Core Concepts
A training-free approach for open-vocabulary semantic segmentation that leverages diffusion-augmented visual prototypes and combines local and global similarities to segment input images.
Abstract
The paper proposes FreeDA, a training-free method for open-vocabulary semantic segmentation. The approach consists of two main stages:
Offline Prototype Generation:
A large set of textual-visual reference embeddings is generated in an offline stage.
Textual captions are used to condition a diffusion model (Stable Diffusion) to generate synthetic images and corresponding localization masks.
The generated images are then used to extract visual prototypes by pooling self-supervised visual features (DINOv2) on the localization masks.

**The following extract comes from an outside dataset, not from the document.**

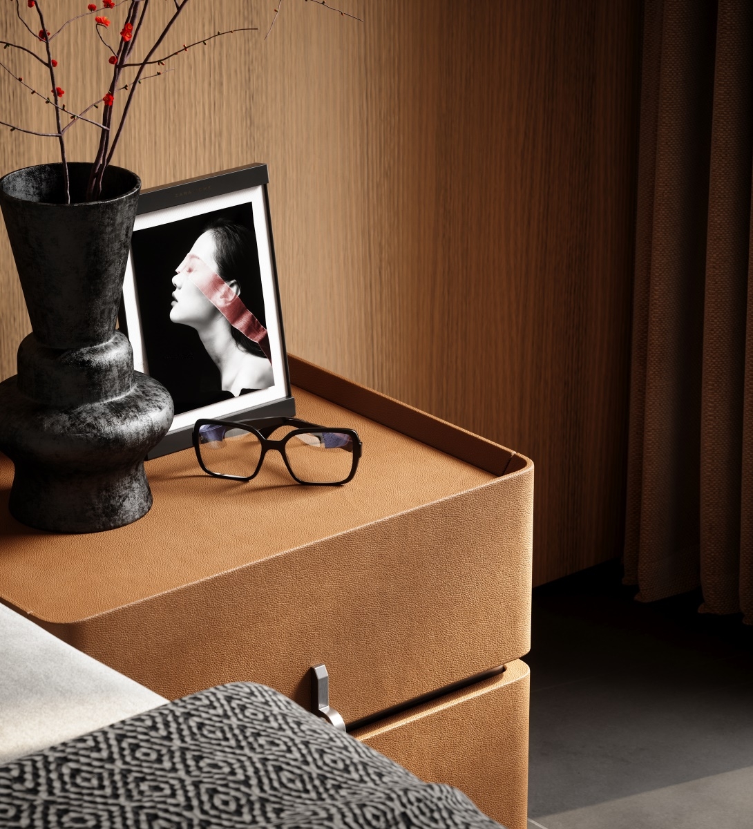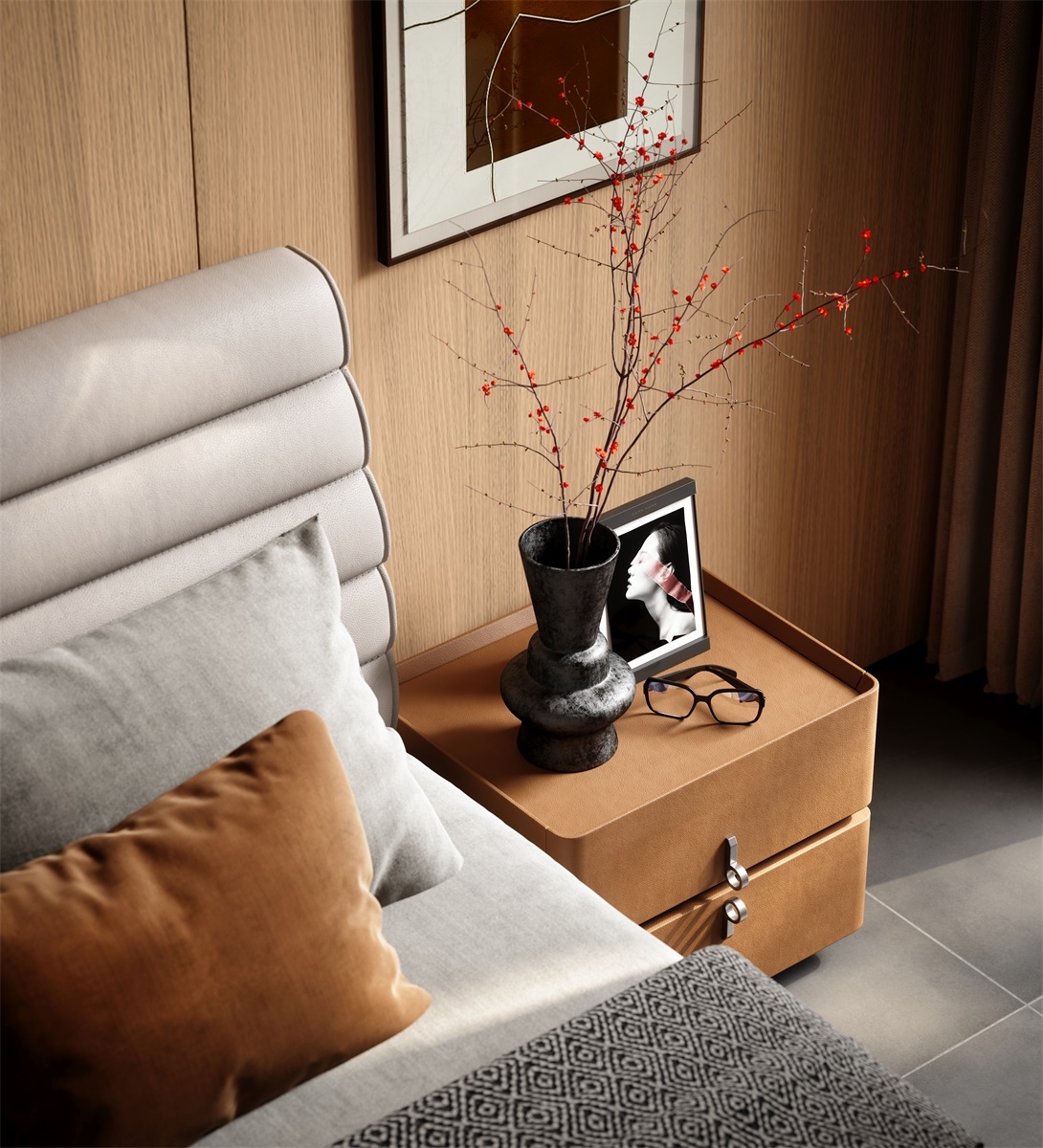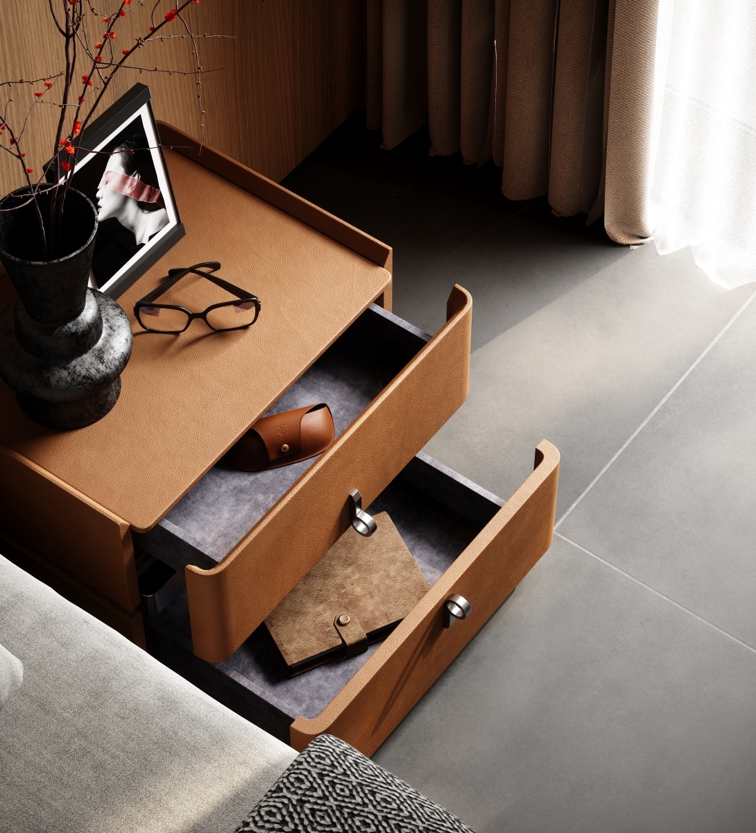 In a space that focuses on the exquisite atmosphere of the bedroom and the storage needs before going to bed, this bedside table combines genuine leather and metal materials, with double-layer drawers + open storage design, becoming a "sleep butler" by the bed, turning every time you tidy up before going to bed into a healing experience blended with quality life.

Textual keys are also extracted by embedding the caption words in their textual context.
Inference:
At test time, the input textual categories are used to retrieve the most similar textual keys from the pre-built index.
The corresponding visual prototypes are then used to compute local similarities with class-agnostic superpixel regions extracted from the input image.
Global similarities are also computed using a multimodal encoder (CLIP) to capture the overall semantic correspondence between the image and the input categories.
The local and global similarities are combined to assign each superpixel to the most relevant semantic class.
The experiments show that FreeDA achieves state-of-the-art performance on five open-vocabulary segmentation benchmarks, surpassing previous methods by a large margin without requiring any training.
Stats
The paper does not provide any specific numerical data or statistics. The focus is on the overall methodology and experimental results.
Quotes
There are no direct quotes from the paper that are particularly striking or support the key logics.